# My Stud and My Son!



## FGRanch (Feb 9, 2008)

Our big mean stallion  GR (My son) really wanted to get on the horses while we were trimming feet and deworming today so when we were finished with Beau we let GR sit on his back while Beau Man had his oats!


----------



## JustDressageIt (Oct 4, 2007)

Those are really great pictures, Tiff!! Makes me want one of my own  Between you and hubby, that GR is gonna grow up to be a looker!! Better watch out! You can see George really loves GR... what great pictures.


----------



## FGRanch (Feb 9, 2008)

Thanks Allie!  I thought they turned out really good! George sure does love him, he is his world!


----------



## Jubilee Rose (May 28, 2008)

Awww how cute!! I love them. Your son is sooo cute! Is your husband a farrier?


----------



## Brandon (Jan 17, 2008)

Great pics TIff, i am so happy to see some happy pics of your family


----------



## FGRanch (Feb 9, 2008)

He sure is Allie! Thank goodness, saves me lots of money..lol. He's very good at donig corrective trimming! We do all barefoot trimming. 

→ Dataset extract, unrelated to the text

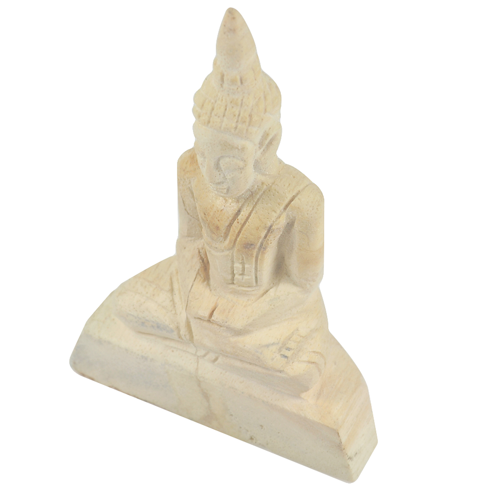 Natural White Brown Petrified Wood 145.50 Ct. Buddha Carved 73 x 52 Mm Gemstone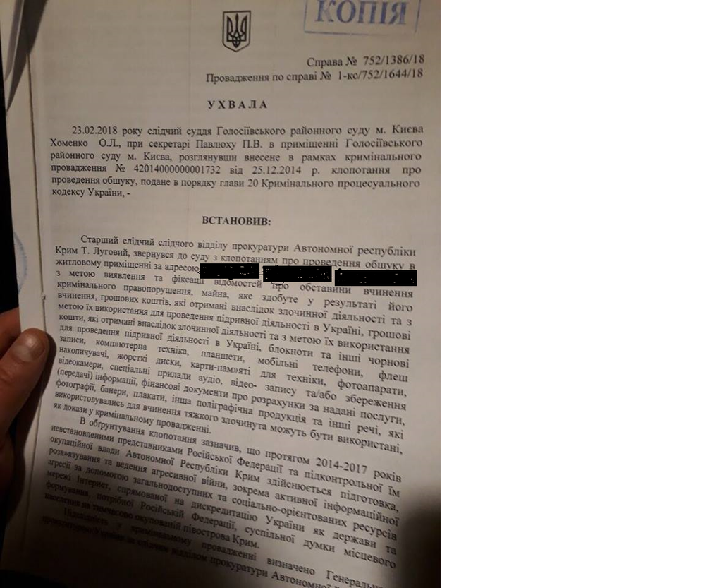 Судя по первой странице решения суда, обыск осуществляется в рамках уголовного производства об "информационной агрессии" против Украины со стороны "неустановленных представителей Российской Федерации и оккупационных властей Крыма". Расследованием дела занимается прокуратура Автономной республики Крым.

Thanks Brandon. My red heads..lol


----------



## Small_Town_Girl (Feb 15, 2008)

What a beautiful stud? Is he a blue roan? Can't really tell,lol.

Your son is sooo cute!


----------



## mudypony (Jan 30, 2008)

Wow Beau is gorgeous! And your son ADORABLE!!! When he's all grown up he's going to be quite a horseman.


----------



## kim_angel (Oct 16, 2007)

beautiful pictures! 

Wow, I wish you and your husband lived by me. I am having the hardest time finding a good farrier here.


----------



## FGRanch (Feb 9, 2008)

Small Town Girl, he is a blue roan. In the winter he is almost black in the early spring he is almost white. His summer coat looks like it is blue, a dark blue. He's a looker! 

Thanks Mudpony! I sure hope he turns into a horseman! 

Kim-I know what you mean, so did we. That is why George decided he needed to take over that job! Good feet are very important to us!


----------



## PoptartShop (Jul 25, 2010)

Aw FRG! Great piccies, your son is adorable too!


----------



## Dumas'_Grrrl (Apr 2, 2008)

That's almost more handsome that a girl can handle...Looks like you have hit the trifecta Tiff! :lol: What a beautiful family! (horse included)


----------



## est1991 (May 28, 2008)

aww, your son is so adorable! too cute!


----------



## buckaroo2010 (Nov 7, 2007)

Awww Tiff your lil boy is growing uo so fast!!
btw where have you been I havent talked to you in forever!!! lol
Im going to steak your horse i love him


----------



## FGRanch (Feb 9, 2008)

Thanks Pop! 

Dumas, I just love you! You bring a smile to my face every time I read your posts!  Thanks very much!

Buck-Thanks, but you can't have Beau! LOL I was away for a week back home visiting family! 

Est1991-Thanks so much!


----------



## americancowgurl31391 (Jul 9, 2007)

Thats too cute. Ur gonna have a little cowboy there!! How old is the stud?


----------



## FGRanch (Feb 9, 2008)

I sure hope he's gonna be my little cowboy!  

Beau man will be 6 at the end of this month.


----------